若林:JIXING社を譲渡先としたことは、当社ではなくBiogen社が選択したことです。オプション契約に関する条件変更の交渉等がさまざまある中で、当社は条件変更に関して拒否できる立場にはありましたので、消極的には同意しています。

ただし、JIXING社を譲渡先としたことについてマイナスと捉えているわけではありません。いろいろな契約交渉を通して、JIXING社やJIXING社を設立した投資会社であるRTW社のいろいろな方と話していく中で、構想力も実行力も非常に優れていると考えています。とてもよい相手先をBiogen社に見つけていただけて、非常に喜ばしいと思っています。

質疑応答:「JX09」の競合品との比較における優位性について

司会者:「『JX09』は、競合品との比較においてどのような優位性があるのでしょうか?」というご質問です。

若林:アルドステロン合成阻害剤に関しては、現在、アストラゼネカ社とミネラリス セラピューティクス社が第Ⅲ相臨床試験を進めているところです。同じ作用機序のもので臨床試験に入っているため、主要な競合としてはこの2つが考えられます。

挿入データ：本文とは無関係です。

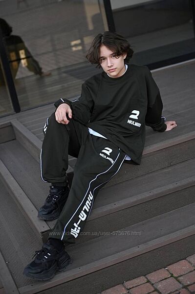 Тканина - турецька двонитка не линяє, не скочується, преміум якості. Стильний світшот з перестрочками. Рукава та штани оздоблені кантами.
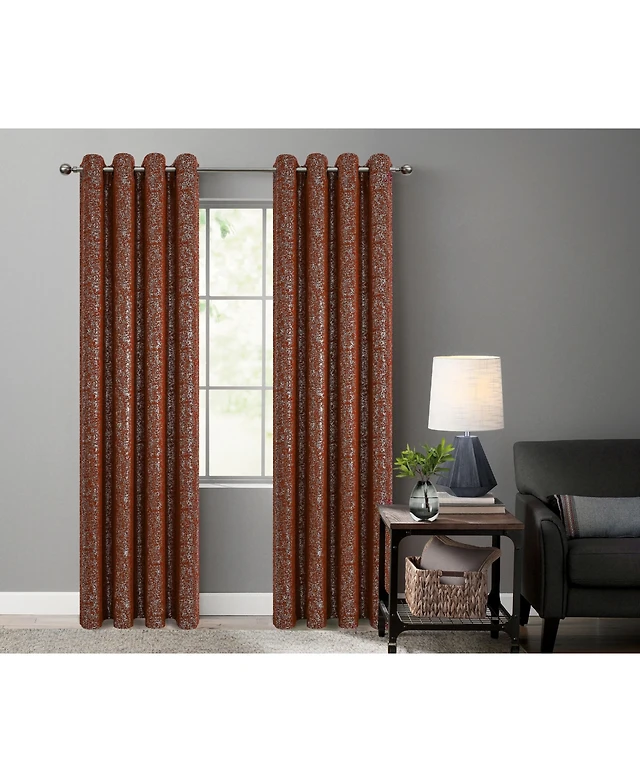 Kate Aurora Basic Jacquard 2 Piece Blackout Grommet Top Hotel Window Curtains - 52 in. W x 84 in. L, Pumpkin Spice

「JX09」の優位性は、先ほどお伝えしたとおり、「CYP11B2」に対する選択的阻害性を持っており、類似構造をもつ「CYP11B1」を(「CYP11B2」の1/300程度しか)抑えないところが非常に優れていることだと考えています。先に進んでいるものがありますが、ベスト・イン・クラスを目指せる可能性があるのではないかと考えています。

若林氏からのご挨拶

若林:本日は大変ご多用の中、当社の2024年2月期決算説明会にご参加いただき、ありがとうございました。昨年度は提携先がBiogen社からJIXING社に変わるという非常に大きな変化がありました。

「TMS-007」の開発が再スタートしたため、これから開発をさらに加速していき、他のパイプラインも充実させていきながら企業価値を高める努力を引き続き行っていきたいと考えていますので、どうぞよろしくお願いします。ご清聴ありがとうございました。